На сто тысяч мужиков трудно было найти сто грамотных людей, а в деревнях, по ночам, ещё летали к бабам змеи-горынычи…

Колоссальное тело и на исполинских плечах маленькая, с кулачок, головка, в виде дворянской интеллигенции.

На самом верху, как дежурный на пожарной каланче, царь Николай, молодой, удивительно красивый, но до самодурства властный и неподготовленный к державному делу.

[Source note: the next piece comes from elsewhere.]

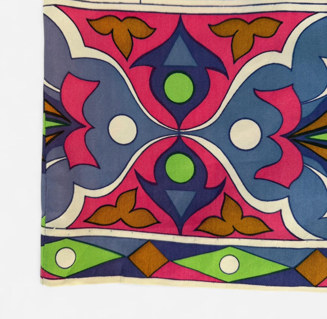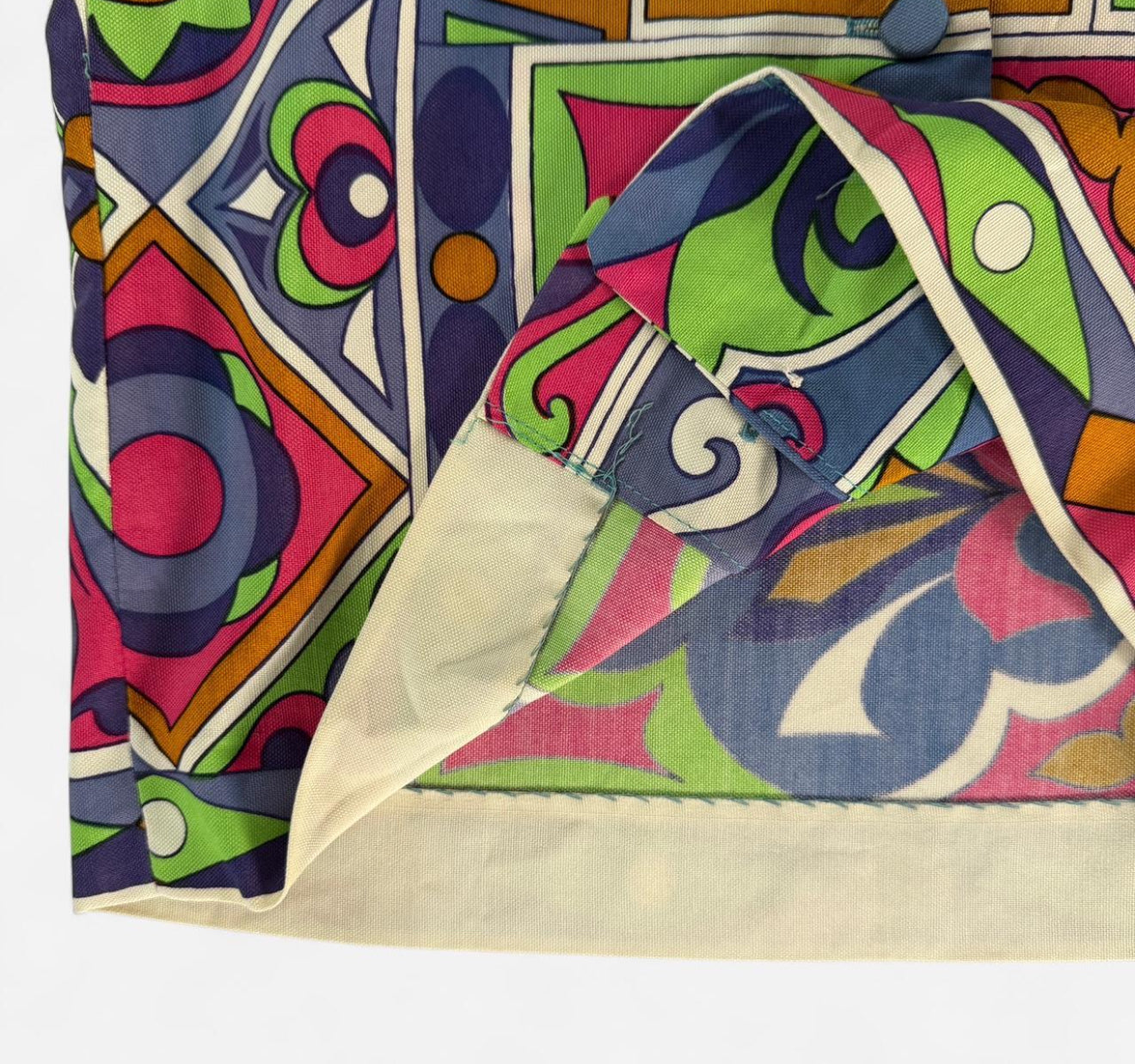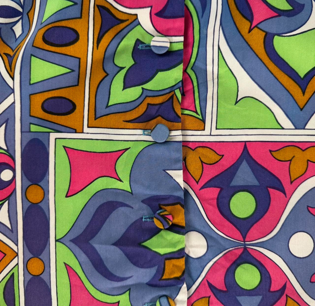 1960s Jo Jr psychedelic print sleeveless shirt with a funky vibe. Very cool rare bright multi color pattern. Button closure in the back. Has no stretch and Custom hem. Acrylic and rayon material.

До смешного необразованный.

У Шильдера[2] воспроизведена (факсимиле) собственноручная записка императора, где слово «офицер» написано через «ер» (посылаю тебе дельного офицера»). Сам о себе Николай говорил: «Я получил «бедное» образование.

Это небольшая беда, конечно. Не в этом главное. Борис Годунов, как свидетельствует Ключевский, был совсем «безкнижный» царь; не только не умел читать-писать, но даже букв не знал.

Но несчастье Николая было в том, что «бедное» образование он совмещал с представлением о полной беспредельности своей власти. Больше всех Людовиков он мог бы сказать: «Государство – это я».

Николай говорил: «Мой климат».

Но разве «мой климат» – это не больше и не шире, чем «государство – это я»?

«Бедное» образование не мешало, однако, царю говорить: «Мы – инженеры».

Никаких инженерных наук Николай не знал, даже отдалённого понятия о них не имел. Но он был инженер, потому что был царь, а царь всё может, всё умеет и всё знает.

Много ли значит «бедное» образование при «всемогуществе и беспредельности» власти?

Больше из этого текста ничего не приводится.